# Condensation in Headlights



## TLC Snow Div. (Oct 28, 2007)

The last storm we had turned to rain and since then i got some condensation in the front left headlight of my truck and its fogged. The other head light is clear. Anybody know an easy way to dry it out?


----------



## Sydenstricker Landscaping (Dec 17, 2006)

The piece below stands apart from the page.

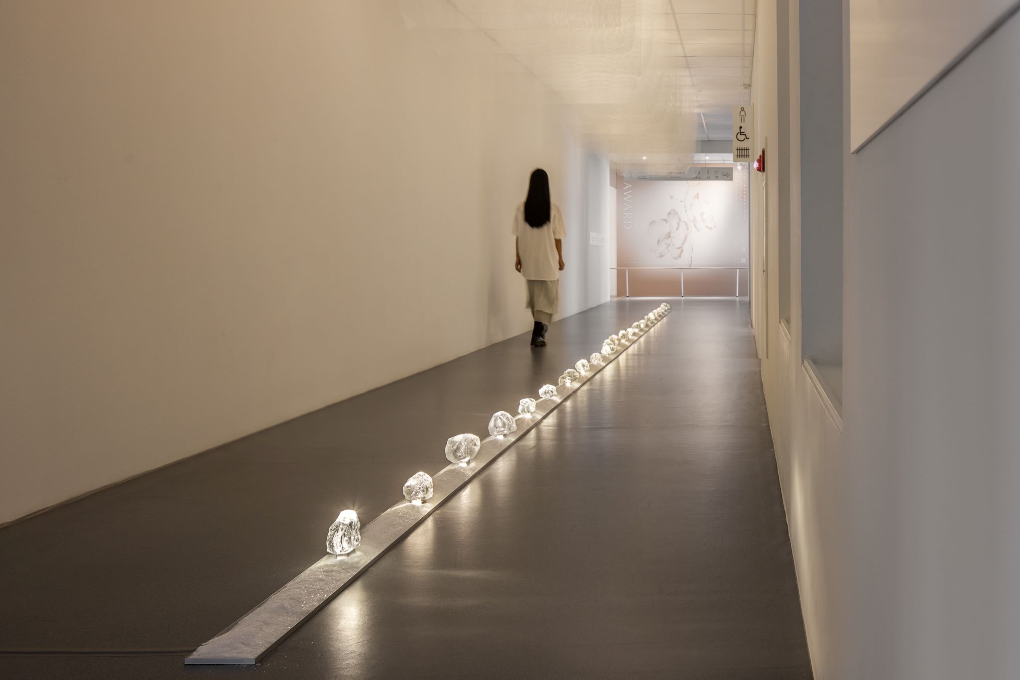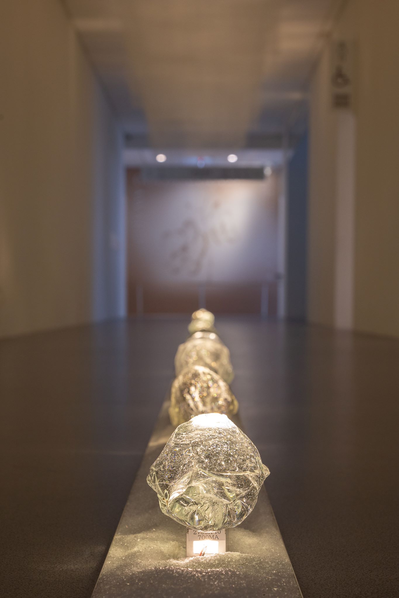 入口廊道的「勿忘榮光」敘說台灣過去60、70年代新竹的玻璃榮景,從小時候家家戶戶都曾經穿線代工的 #聖誕燈泡,到曾經新竹玻璃產業出口占全世界近七成的盛況,以新竹玻璃美學累積至今的榮光,在廊道上串起如聖誕燈泡的21組玻璃燈光裝置來回應本屆 #金玻獎 的21位得獎者。
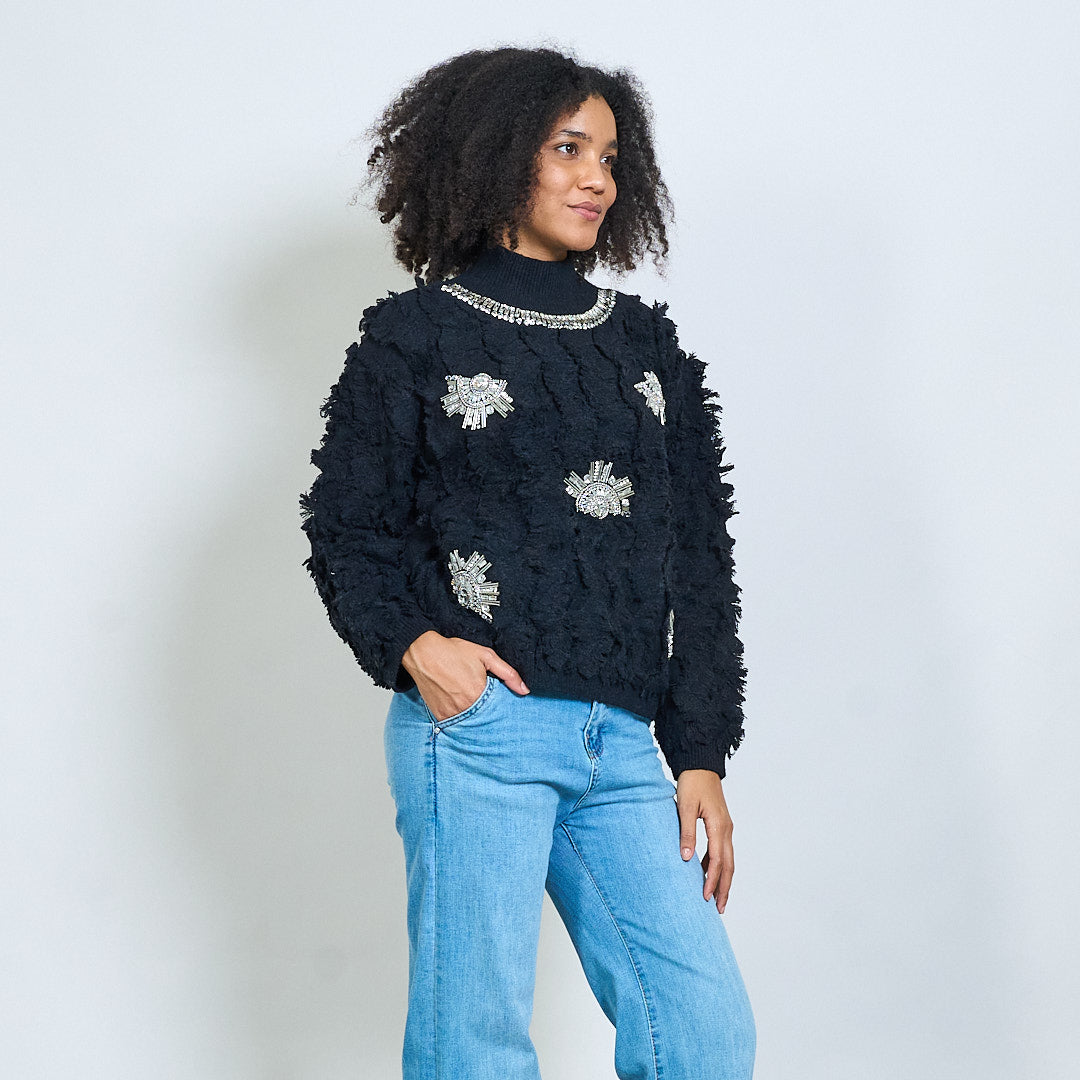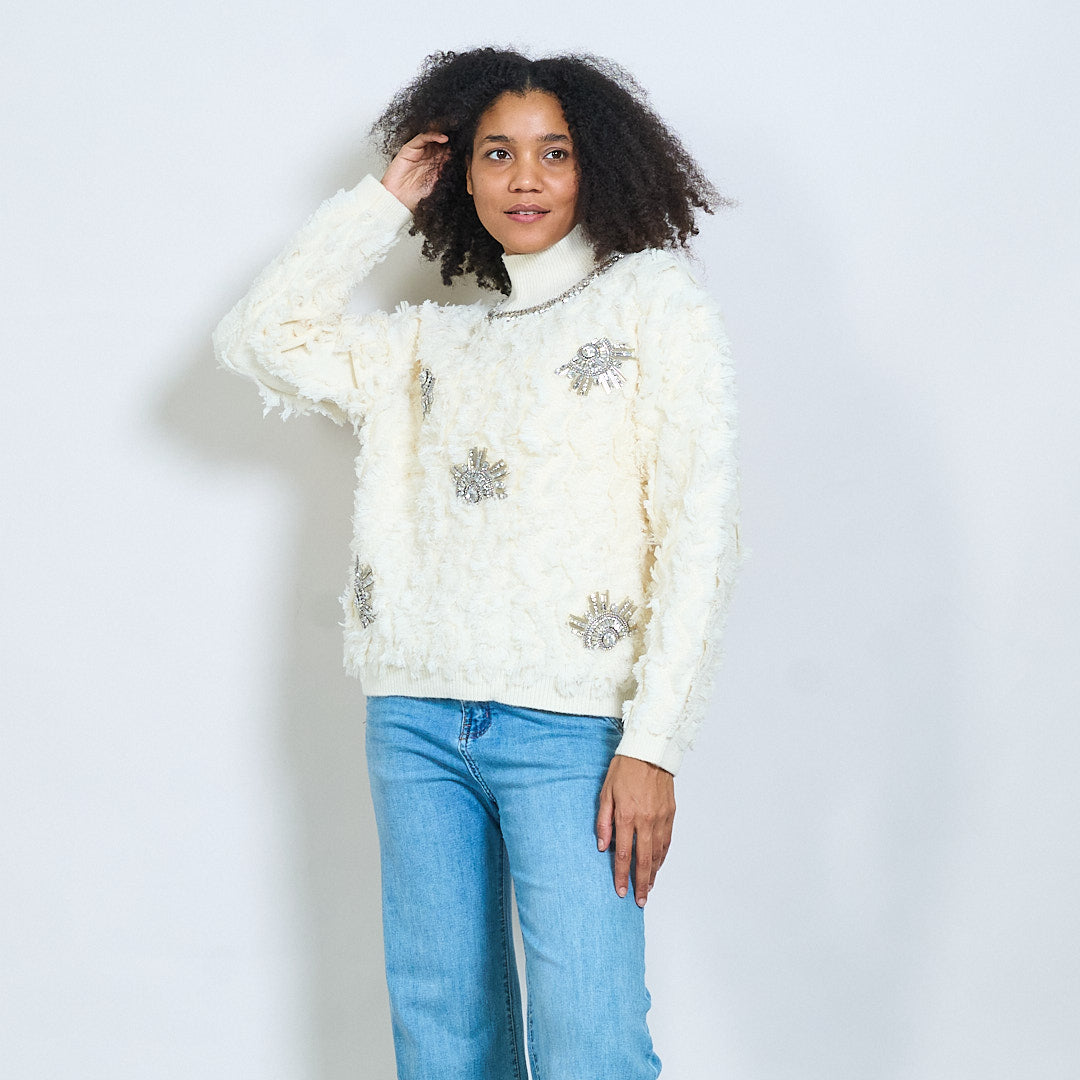 Τύση πλεκτό πουλόβερ με κρυστάλλινα διακοσμήσεις χονδρικής πώλησης

I dunno, maybe take it off, if it is easy, and stick a hair dryer in the holes where the lights are. Maybe that would dry it. Or stick the truck inside for a bit and let some heat hit the light from like a torpedo heater. Dont do it too close or you could melt the lens


----------



## KGRlandscapeing (May 2, 2007)

once u dry it out u gotta seal the crap out of it


----------



## yancy (Aug 29, 2005)

Check the seal on the back of the original light and where you mounted the strobe the water is getting in somewhere you might want to think about replacing the seal on the stock light. I know my GMC has a little rubber diaphragm on the light if ford has those make sure it does not have a hole in it.


----------



## AbsoluteH&L (Jan 5, 2006)

You could put a small pin hole in the top or bottom to let the moisture evaperate or drain. Doubtful. Get it all sealed up so it won't happen again. Still doubtful. Or just leave the lights on till they dry out or your battery goes dead. Sorry thats the best I got, and no ones said that was very good


----------



## Grisi24 (Oct 19, 2005)

Well I use to install all sorts of these. There is normally two types a push in plug type hid-a-way strobe and a two screw mount. We almost always used the two screw type with a really good gasket and we always added silicon around the gasket. DON"T FORGET the standard plug on the strobe cables are not water proof. They will short out (I have seen it many times and have fixed it many times). You can use some sort of sealed connector. We used a product from Molex. They worked really well.


----------